The pertinent facts are as follows: On the morning of January 15, 1964, the plaintiff and a companion were walking to school via a route which took them in a westerly direction'along Southwest 146th, Seattle. The two girls had turned west at the intersection of Southwest 146th and 12th Ave. S.W., and began walking on the north side of the road with their backs to the traffic. At some point in the block between 12th Ave. S.W., and 14th Ave. S.W., the girls started to cross Southwest 146th at an angle to the south side of the roadway. Neither one of the girls looked to her rear to see if there were any cars approaching. When the plaintiff, who was the closest to the south side of the road had at least reached the center of the road (the exact location is in dispute), she heard a car approach from the rear.
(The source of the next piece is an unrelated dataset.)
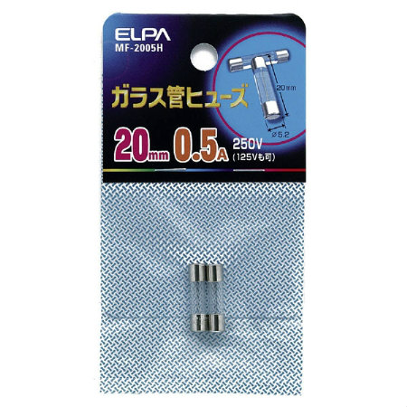[2本入]20mmガラス管ヒューズ[250V・0.5A]MF-2005H
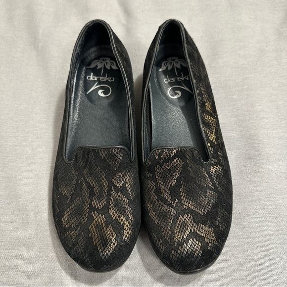Size 26 Dansko Olivia black/gold snake print loafters. Slip on, round toe, leather upper. Great comfort shoe brand.

She continued to her left attempting to reach safety on the south side of the roadway and her companion moved to her right, back to the north side of the road. Before the plaintiff reached safety she was struck by the right front of the car driven by defendant. The testimony shows that defendant saw the two girls walking on Southwest -146th before she had reached the intersection of Southwest 146th and 12th Ave. S.W. The defendant testified that she followed the girls “for quite a long distance,” and she placed the point of impact closer to the intersecting street of 14th Ave. S.W., than 12th Ave. S.W. The plaintiff, however, placed the point of impact only about a quarter of a block west of 12th Ave. S.W. The minimum distance at which the defendant would have seen the girls was 154 feet, and the maximum 501 feet, depending on whose testimony is believed. The de *605 fendant testified that she drove slowly behind the girls, as they were in the roadway, hoping the noise of her car would warn them of her presence behind them. The defendant further testified that she honked her horn only once and that was when she was within a half a car length of the girls and then she immediately attempted to go around them by swinging to her left into the opposite traffic lane. It was during this evasive maneuver that defendant’s car struck the plaintiff.
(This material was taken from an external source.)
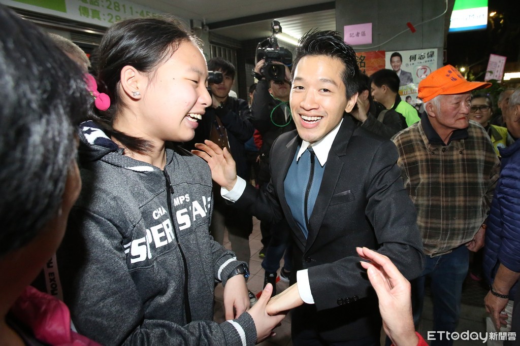 ▲立委補選當選人何志偉感謝現場選民。(圖/記者季相儒攝)
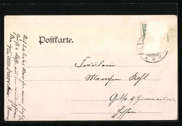 alte Ansichtskarte, gelaufen, Briefmarke entfernt, rückseitig Oberflächenschaden, guter Zustand

The case was tried to a jury and resulted in a verdict in favor of plaintiff in the sum of $6,500. The defendant’s motions for judgment non obstante veredicto or in the alternative for a new trial were denied and judgment was entered on the verdict from which judgment the defendant has appealed.
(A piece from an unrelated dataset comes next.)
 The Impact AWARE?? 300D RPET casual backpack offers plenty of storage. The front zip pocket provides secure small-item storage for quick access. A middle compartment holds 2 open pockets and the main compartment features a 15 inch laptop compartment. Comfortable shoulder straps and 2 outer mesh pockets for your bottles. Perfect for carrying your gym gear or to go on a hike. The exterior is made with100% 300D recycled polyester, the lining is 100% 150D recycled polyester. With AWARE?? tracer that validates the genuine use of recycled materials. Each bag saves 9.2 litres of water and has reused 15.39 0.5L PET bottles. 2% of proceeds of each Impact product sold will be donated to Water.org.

Three of the assignments of error orbit around the defendant’s contention that the court erred in giving a last clear chance instruction. No exception was taken to this instruction.

No exceptions were interposed by the defendant to the court’s definition of negligence, contributory negligence and proximate cause.

The defendant does not argue that the last clear chance instruction does not state the law, but contends that there was no evidence to support it.

In this posture of the record we will be guided by the rule that parties are bound by the law laid down in the instructions where, as here, no objections or exceptions thereto were made at any stage. In such a case the sufficiency of the evidence to sustain the verdict is to be determined by the application of the instructions and rules laid down in the charge. This rule does not apply if the record or evidence conclusively shows that the party in whose favor the verdict is rendered is not entitled to recover. No man should be allowed to recover in any cause unless there is evidence to support his contention. See Greenwood v. Olympic, Inc., 51 Wn.2d 18, 315 P.2d 295 (1957); Tonkovich v. Department of Labor & Indus., 31 *606 Wn.2d 220, 195 P.2d 638 (1948); Walsh v. West Coast Coal Mines, Inc., 31 Wn.2d 396, 197 P.2d 233 (1948).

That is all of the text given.